If left unaddressed, the adversary’s presence will continue to enable stealthy access, reinfection via backups, and targeted lateral activity that can persist across standard incident response cycles. Recovery efforts that do not address embedded compromised software components risk repeated reinfection.


Organizations should treat public-facing, backend-capable applications as high-risk assets, prioritize hunting for abnormal behavior in trusted components, validate backups before restore, and instrument both application-layer and host telemetry to detect web-shell usage and renamed binaries. Where internal capabilities are immature, engaging experienced hunting resources is a proportional and practical next step.


Hunting Controls & Observations

Defensive teams should pivot from IOC-chasing to behavior-based observability across application, endpoint, identity, and network telemetry. The following telemetry areas are essential to detect the class of activity described:


  • Endpoint (EDR/AV): Monitor process creation for renamed or unexpected binaries in trusted paths (for example, processes executing from C:\Windows\System32\bridge.exe) and capture parent-child process relationships and command-line arguments. Sysmon/EDR visibility of process hashes, image paths, and service installers is critical.
  • Identity/IAM: Detect anomalous administrative portal logins (especially portal administrator accounts), unusual session times, and creation of new high-privilege service accounts.

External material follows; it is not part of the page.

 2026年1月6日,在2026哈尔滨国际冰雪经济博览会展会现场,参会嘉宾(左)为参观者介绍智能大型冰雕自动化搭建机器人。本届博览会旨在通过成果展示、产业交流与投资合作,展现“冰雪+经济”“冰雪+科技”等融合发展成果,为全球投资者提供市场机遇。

Correlate with privileged access management logs and MFA failures or bypass events.
  • Email Security & Proxy Logs: While not the primary vector in this incident, proxy and web gateway logs can show suspicious outbound SSL connections and domain registration patterns tied to C2 infrastructure (for example, repeated softether[.]net subdomains).
  • Firewall / NetFlow: Track new or persistent outbound connections to unusual remote IPs or to non-standard domains over port 443 where the process initiating the flow is unexpected for that asset class.
  • Cloud Audit Logs: Monitor vendor-managed platform changes, unusual configuration updates, and any activity that modifies backup/export pipelines which could lead to embedded malicious objects being preserved.
  • Windows Security Log: Instrument Windows service-install and service-start events (EventID 7045), process creation events (Sysmon EventID 1 if available), and authentication events (4624/4625/4672) to correlate privilege use and persistence mechanisms.
  • Application Logs: Capture ArcGIS portal request logs and any application-layer parameters (for example, GET/POST requests referencing JavaSimpleRESTSOE operations and a “layer” parameter containing base64 payloads).

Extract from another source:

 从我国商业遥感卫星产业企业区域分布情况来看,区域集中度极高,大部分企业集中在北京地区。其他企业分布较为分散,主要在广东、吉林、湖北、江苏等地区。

Behavioral indicators of the attack included the following observations:

  • HTTP GET requests to ArcGIS portal endpoints containing a “layer” parameter with base64-encoded payloads and a static/hardcoded access key parameter used to gate web-shell execution.
  • Java process (or ArcGIS-hosted JVM) executing encoded commands that decode to system commands (for example, executing cmd.exe /c mkdir C:\Windows\System32\Bridge).
  • Creation of a hidden directory (C:\Windows\System32\Bridge) and staged files placed inside trusted system locations.
  • Renamed SoftEther VPN executable placed in System32 and installed as a Windows service (e.g., “SysBridge”), repeatedly started until configured to persist across reboots.
  • Outbound HTTPS connections from the renamed binary to attacker-controlled SoftEther VPN servers (example remote IP 172.86.113[.]142) and recurring domain patterns like 0X.softether.net indicating rotating registration strategy.
  • Discovery and scanning activity across SSH, SMB, RPC, and other internal services following initial access, indicating network mapping and lateral-movement preparation.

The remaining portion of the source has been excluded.